Welcome to the World Wide Web Home page of Road to East Asia
Written by students of FC1750.06
at Founders College, York University
Vol.2, no. 2, January-February, 1997
There are mixed feelings towards one's heritage, vividly expressed in literature by well established and emerging Chinese American writers. Amy Tan and Nellie Wong, for example, write in English for an international audience. Zhong Xiaoyang, who writes in Chinese, is popular among readers in Asia. These authors study various roles played by women--for example, wife, mother, girlfriend, sister, daughter, employee--in the traditional home and modern society.

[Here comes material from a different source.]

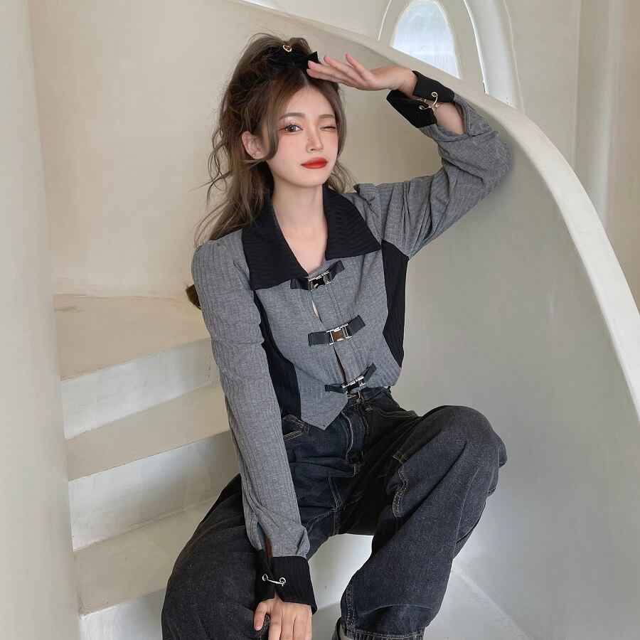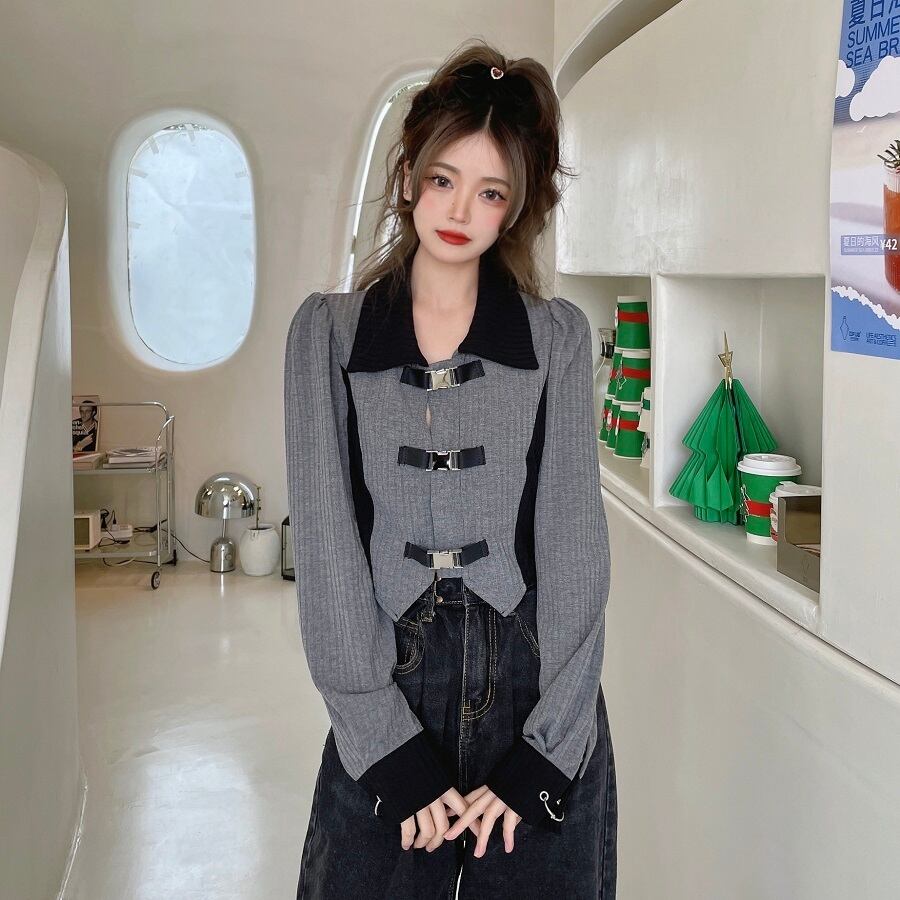 ジャケット トップス トップ パフスリーブ 長袖 シャツ ポロカラー フランス ヴィンテージ ゆったり スウィート クールスタイル コントラスト レディース 春 デザインセンス トレンド バイカラー カジュアル ショート丈 女子会 通勤 通学 OL 学生 おしゃれ スッキリ見え 休日 10代 20代 韓国 スマート見え キレイ見え 足長見え 足長効果 細見え 体型カバー 華奢見え ヤセ見え サマ見え こなれ感 M L グレー | Bonny Me

Even in the 1990s, reports from China show that parents still prefer having male children to carry on the family name, and Beijing's one-child policy has reinforced this bias. While sons enjoy respectability, daughters are relegated to subservient roles. Amy Tan's The Joy Luck Clubportrays several women who are raised in this tradition. Lindo Jong, for one, takes pride in her individuality--her "buncake" (44) smell and complexion--but has to marry a bad husband against her will because that is the arrangement her parents made. Resourcefulness helps her to escape to America, only to be discriminated because of her race.
In America, one finds only bits and pieces of Chinese culture. It is these samples that prompt Nellie Wong to ask "How American is my Chinese love?" in her poetry (203). Her vision of China is not the land of moongates and gardens from which Lindo Jong escaped. Her "Chinese love" exists in children's laughter, permeating "our inherited earth" (203).

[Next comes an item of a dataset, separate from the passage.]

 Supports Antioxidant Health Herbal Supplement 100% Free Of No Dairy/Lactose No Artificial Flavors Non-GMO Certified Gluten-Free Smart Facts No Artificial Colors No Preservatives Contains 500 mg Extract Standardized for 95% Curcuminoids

Wong's poetry often conveys similar ambiguous sentiments toward her Chinese American identity. "Where is my country?" she asks in the poem of the same name (210-11). Strangers tend to mistake her for someone she isn't. At work, she is asked to interpret Korean, in Mexico a policeman speaks to her in Spanish, and a Chinese grocer asks if she is Filipino. They are insensitive to her individuality, and do not realize that it is almost impossible to confine anyone exclusively to a single group. Is there a difference between a Chinese immigrant like Lindo Jong who came to America at a young age and an American- born Chinese like Nellie Wong?

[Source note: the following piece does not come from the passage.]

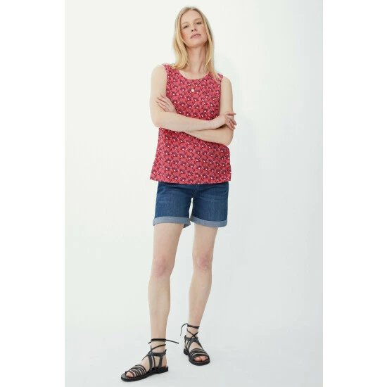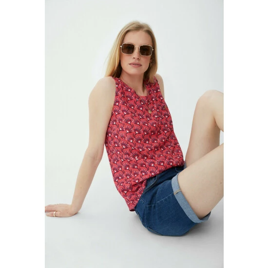 Sleeveless fan print top from Mantaray. Perfect for making an impact on warmer days, this sleeveless top features a fan print all over and a scoop neck. Pair with jeans and trainers for a casual look.

Zhong Xiaoyang exercises her creative freedom quite differently in "The Wedding Night." This short story presents a young couple's natural anxiety about the future. On the wedding night, the traditional veil becomes a barrier, making what was once known and sure "into something sinister and macabre" (217). It does not matter that the bride and the groom had a long courtship, or that they kissed passionately earlier in the evening. When she wears the red veil, it separates her from the groom and from the "world without boundaries" (217).
In modern times, a Chinese American bride no longer wears a veil with her red bridal gown. She refuses to be barred from "the world beyond the boundaries," which previously was occupied by men only. Despite the evident pessimism, Zhong's story ends on a positive note. The bride feels empowered, ready to take on the future, just as Chinese American women writers have, in a world dominated by men.
Bibliography
Tan, Amy. The Joy Luck Club.New York: Ballantine Books, 1989.
Wong, Nellie. "My Chinese Love," "So Near, So Far," and "Where Is My Country?" Ed. L. Ling-chi Wang and Henry Yiheng Zhao. Chinese American Poetry: An Anthology. Santa Barbara: Asian American Voices Press, 1991, 202-3, 210-11.
Zhong, Xiaoyang. "The Wedding Night." Ed. Hsin-sheng C. Kao. Nativism Overseas: Contemporary Chinese Women Writers. New York: State University of New York Press, 1993, 207-20.